Friday, June 9, 2017

Just-in-Time Satire (Review of Martina Fetzer's Time Binge)

The concept of time travel has long since burst through the walls of the science fiction genre ghetto and gone mainstream, in everything from popular novels and movies to network TV shows. It's so familiar, in fact, that we're apt to forget how bizarre and illogical an idea it is, which is one of many reasons why Martina Fetzer's Time Binge (Brooks & Smith Book 1: 99 cents ebook, $12.99 paperback) is such a refreshing comic treat.
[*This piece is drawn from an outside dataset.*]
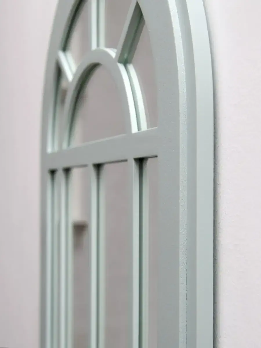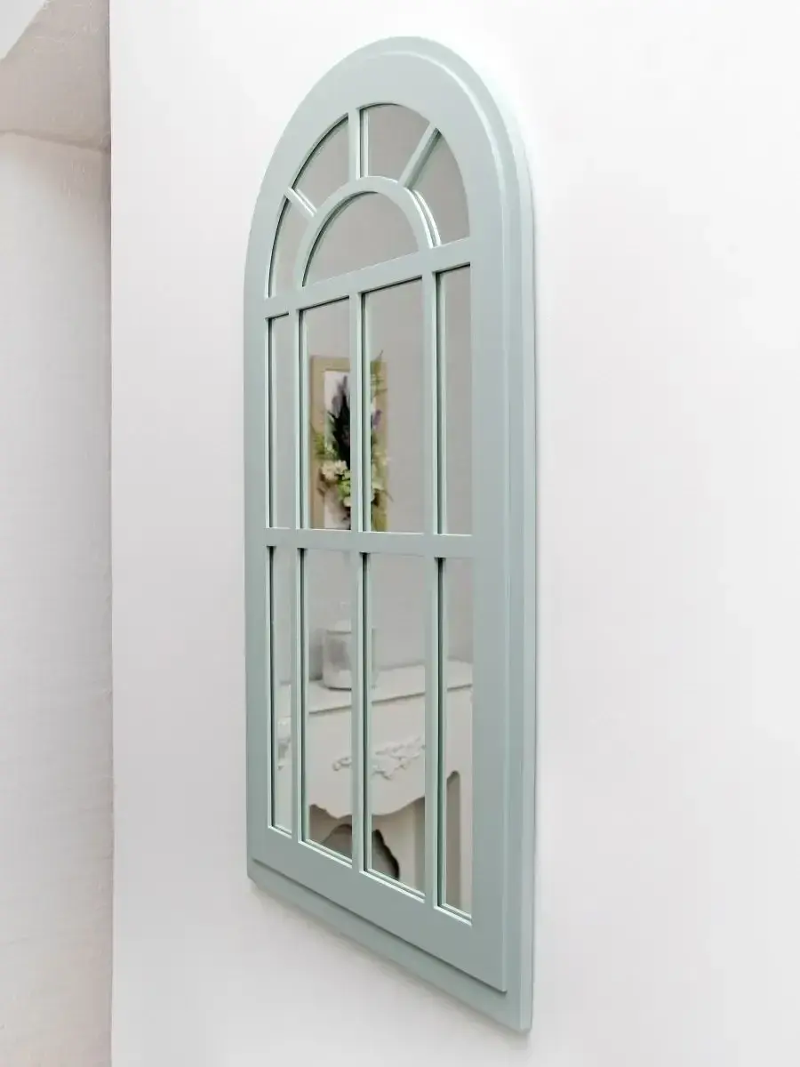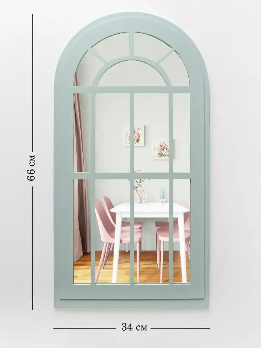 Зеркало-арка "Прованс". Современный зеркальный декор можно повесить стену в спальной или гостиной комнатах, так-же фальш-окно в форме арки прекрасно будет смотреться на комоде или над диваном. Настенный декор изготовлен из МДФ 12 мм.,вставки из зеркала 4мм не искажает изображение, размер зеркала в раме 66х34 см. Рама зеркала широкая, покрашена акриловой эмалью на водной основе. Подойдет для оформления интерьера в стиле прованс, кантри, шеббишик, добавит света и пространства в интерьере. На обратной стороне зеркала две петли, шурупы для крепления на стену в комплекте.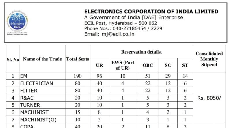 ECIL Apprentice Recruitment 2023, ITI Electrician, Fitter, EM, RAC,COPA etc Apprentice 2023

Zany energy pulses through this tale, told in a wry, deadpan tone, of the terrible troubles paranormal detectives Edward Smith and Arturo Brooks encounter when their employer, a secretive agency that calls itself "the Reticent," sends them to investigate the reported invention of a time machine in Staten Island. Smith and Brooks are fully drawn characters with massive personal flaws, which fuel the tragicomic plot along with their love for each other, and the setting of present-day New York City and its outer boroughs is vividly depicted. Other characters and supposed glimpses of the historical past and the far future are not as successfully fleshed out, although Patience Cloyce, a time-traveling Puritan from the height of the witch craze in Salem, Massachusetts, does show promise. Our present day's corporate drone world, electronic gadget obsession, and navel-gazing hipsters are the main, deserving targets of the book's sharp satire. Highly recommended.



This review is cross-posted on Amazon and Goodreads.

Four-and-a-half Phoboses (out of five).